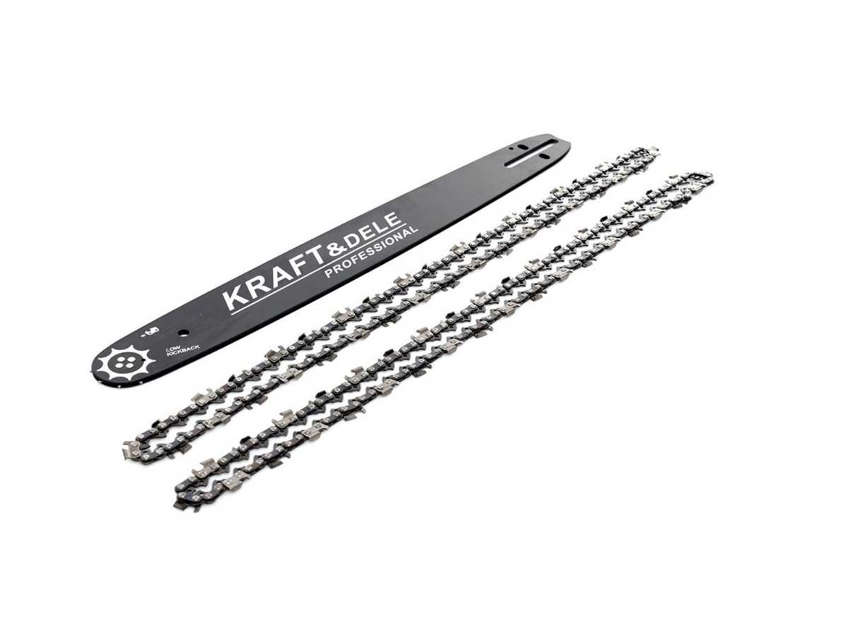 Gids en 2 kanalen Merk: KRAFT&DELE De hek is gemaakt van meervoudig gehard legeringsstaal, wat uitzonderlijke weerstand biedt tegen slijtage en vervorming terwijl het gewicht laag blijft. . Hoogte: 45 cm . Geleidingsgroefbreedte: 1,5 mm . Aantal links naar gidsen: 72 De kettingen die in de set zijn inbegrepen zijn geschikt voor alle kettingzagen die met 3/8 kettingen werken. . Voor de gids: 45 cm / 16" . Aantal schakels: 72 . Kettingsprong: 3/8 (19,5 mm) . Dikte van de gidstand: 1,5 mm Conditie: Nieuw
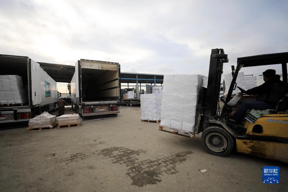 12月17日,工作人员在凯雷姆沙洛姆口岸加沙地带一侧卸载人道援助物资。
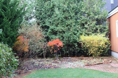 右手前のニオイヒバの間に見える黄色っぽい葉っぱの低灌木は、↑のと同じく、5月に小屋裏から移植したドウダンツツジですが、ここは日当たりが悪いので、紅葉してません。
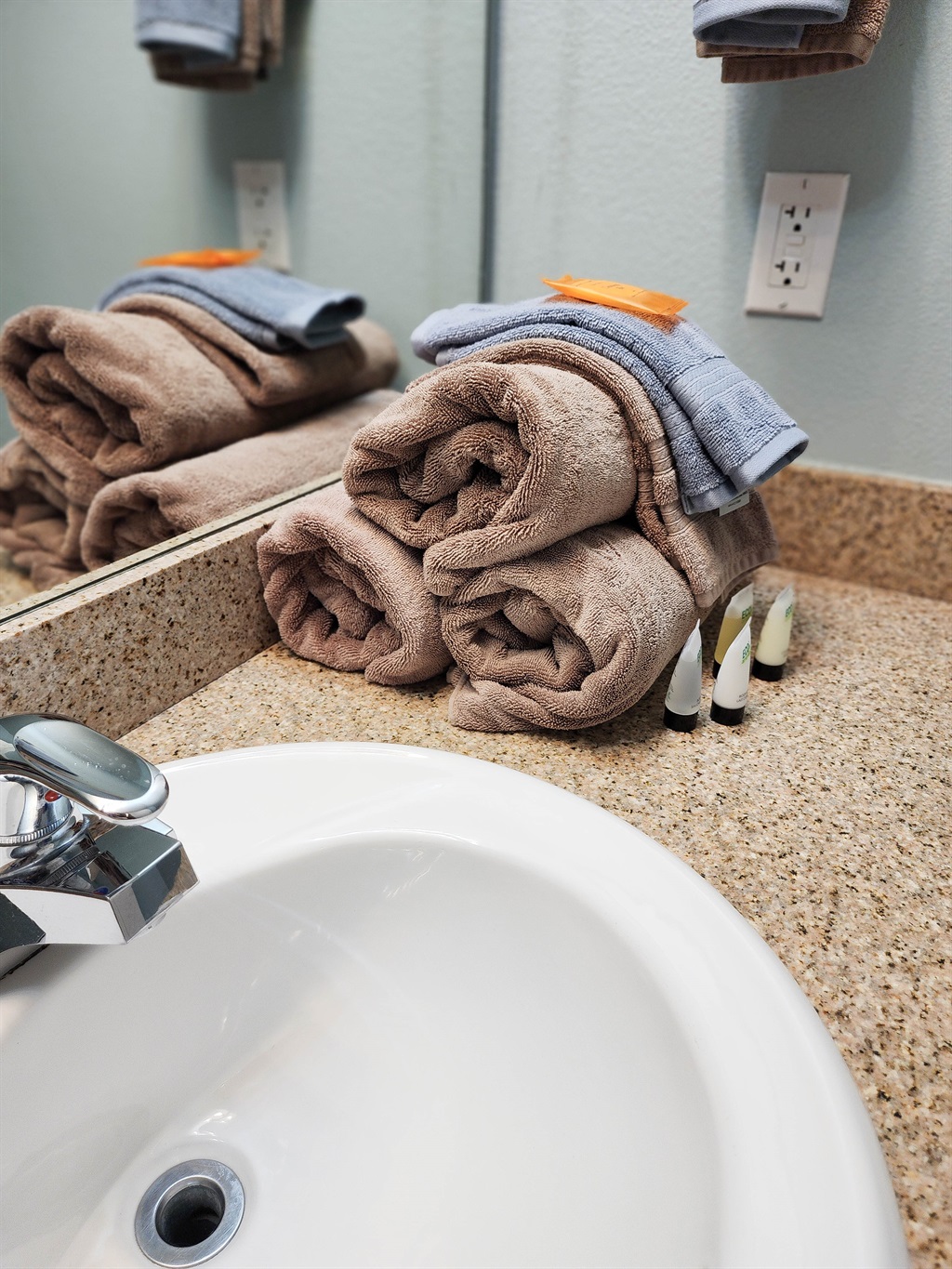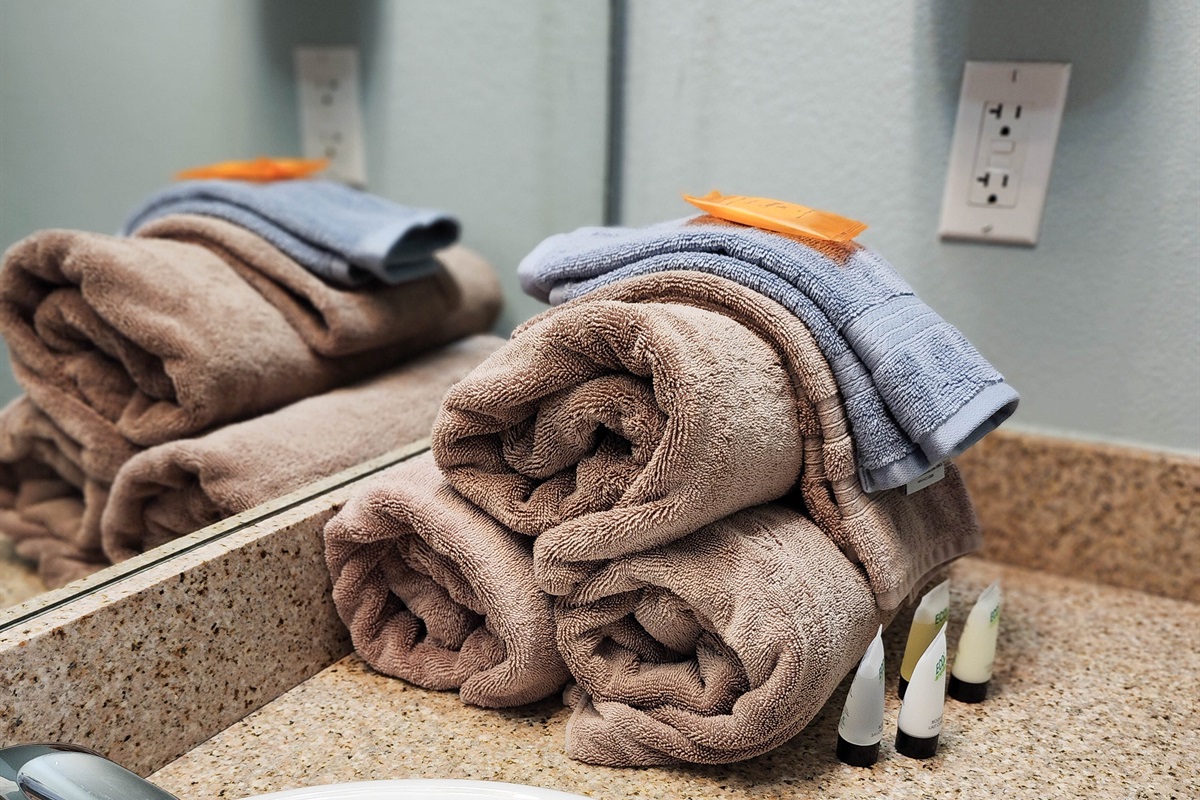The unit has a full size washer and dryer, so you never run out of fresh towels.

Work required. Everything in the data except the pictures must be retyped exactly.

Solution for this task.
 Gids en 2 kanalen Merk: KRAFT&DELE De hek is gemaakt van meervoudig gehard legeringsstaal, wat uitzonderlijke weerstand biedt tegen slijtage en vervorming terwijl het gewicht laag blijft. . Hoogte: 45 cm . Geleidingsgroefbreedte: 1,5 mm . Aantal links naar gidsen: 72 De kettingen die in de set zijn inbegrepen zijn geschikt voor alle kettingzagen die met 3/8 kettingen werken. . Voor de gids: 45 cm / 16" . Aantal schakels: 72 . Kettingsprong: 3/8 (19,5 mm) . Dikte van de gidstand: 1,5 mm Conditie: Nieuw
 12月17日,工作人员在凯雷姆沙洛姆口岸加沙地带一侧卸载人道援助物资。
 右手前のニオイヒバの間に見える黄色っぽい葉っぱの低灌木は、↑のと同じく、5月に小屋裏から移植したドウダンツツジですが、ここは日当たりが悪いので、紅葉してません。
The unit has a full size washer and dryer, so you never run out of fresh towels.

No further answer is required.